CRD based configuration (recommended)#
This is the controller for the Router CRD. It is responsible for creating and updating the ConfigMap for the vllm_router.
Description#
The Router Controller is a Kubernetes controller that manages the Router custom resource. It watches for Router resources and creates a ConfigMap for the vllm_router.
Getting Started#
Prerequisites#
go version v1.22.0+
docker version 17.03+.
kubectl version v1.11.3+.
Access to a Kubernetes v1.11.3+ cluster.
To Deploy on the cluster#
Build and push your image to the location specified by IMG:
make docker-build docker-push IMG=<some-registry>/router-controller:tag
Note
This image ought to be published in the personal registry you specified. And it is required to have access to pull the image from the working environment. Make sure you have the proper permission to the registry if the above commands don’t work.
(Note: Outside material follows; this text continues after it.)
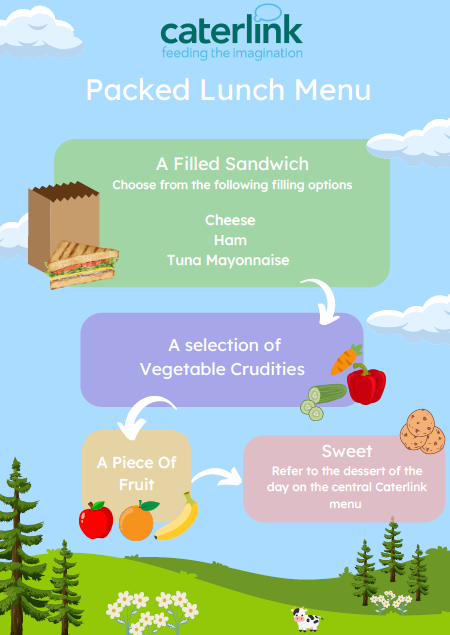 There is a choice of four menu options daily including a filled jacket potato and a healthy packed lunch. These menus roll on a three-weekly rota. From time to time, Caterlink offer special themed menus which will be shared with parents in advance. Alternative to Caterlink's meals, a healthy packed lunch can be brought in from home. We ask that children do not bring fizzy drinks, sweets or chocolate to school. We are a healthy school and promote a balanced diet for all our pupils. It is also very important that children do not bring any food items containing nuts into school, including Nutella, as we are a nut-free environment.

Install the CRDs into the cluster:
make install
Deploy the Manager to the cluster with the image specified by IMG:
make deploy IMG=<some-registry>/router-controller:tag
Note
If you encounter RBAC errors, you may need to grant yourself cluster-admin privileges or be logged in as admin.
Create instances of your solution You can apply the samples (examples) from the config/sample:
kubectl apply -k config/samples/
Note
Ensure that the samples has default values to test it out.
To Uninstall#
Delete the instances (CRs) from the cluster:
kubectl delete -k config/samples/
Delete the APIs(CRDs) from the cluster:
make uninstall
Delete the Manager from the cluster:
make undeploy
Project Distribution#
Build the installer#
Build the installer for the image built and published in the registry:
make build-installer IMG=<some-registry>/router-controller:tag
Note
The makefile target mentioned above generates an install.yaml file in the dist directory. This file contains all the resources built with Kustomize, which are necessary to install this project without its dependencies.
Using the installer
Users can just run kubectl apply -f to install the project, i.e.:
kubectl apply -f https://raw.githubusercontent.com/<org>/router-controller/<tag or branch>/dist/install.yaml
StaticRoute CRD#
The StaticRoute CRD allows you to configure the vllm_router with static backends and models. The controller reads the CRD and creates a ConfigMap that can be used by the vllm_router with the --dynamic-config-json option.
One example is shown below:
apiVersion: production-stack.vllm.ai/v1alpha1
kind: StaticRoute
metadata:
name: staticroute-sample
spec:
# Service discovery method
serviceDiscovery: static
# Routing logic
routingLogic: roundrobin
# Comma-separated list of backend URLs
staticBackends: "http://localhost:9001,http://localhost:9002,http://localhost:9003"
# Comma-separated list of model names
staticModels: "facebook/opt-125m,meta-llama/Llama-3.1-8B-Instruct,facebook/opt-125m"
# Name of the vllm_router to configure
routerRef:
kind: Service
apiVersion: v1
name: vllm-router
namespace: default
# Optional: Name of the ConfigMap to create
configMapName: vllm-router-config
How it works#
The controller watches for StaticRoute resources.
When a StaticRoute is created or updated, the controller creates or updates a ConfigMap with the dynamic configuration.
The ConfigMap contains a
dynamic_config.jsonfile with the following structure:
{
"service_discovery": "static",
"routing_logic": "roundrobin",
"static_backends": "http://localhost:9001,http://localhost:9002,http://localhost:9003",
"static_models": "facebook/opt-125m,meta-llama/Llama-3.1-8B-Instruct,facebook/opt-125m"
}
The controller checks the health endpoint of the vllm_router services that match the routerSelector to verify that the configuration is valid.
The vllm_router should be configured to use the ConfigMap with the
--dynamic-config-jsonoption:
containers:
- name: vllm-router
image: vllm-router:latest
args:
- "--dynamic-config-json /etc/vllm-router/dynamic_config.json"
volumeMounts:
- name: config-volume
mountPath: /etc/vllm-router
volumes:
- name: config-volume
configMap:
name: vllm-router-config
Check Status#
The StaticRoute resource has the following status fields:
configMapRef: The name of the ConfigMap that was created.lastAppliedTime: The time when the configuration was last applied.conditions: A list of conditions that represent the latest available observations of the StaticRoute’s state.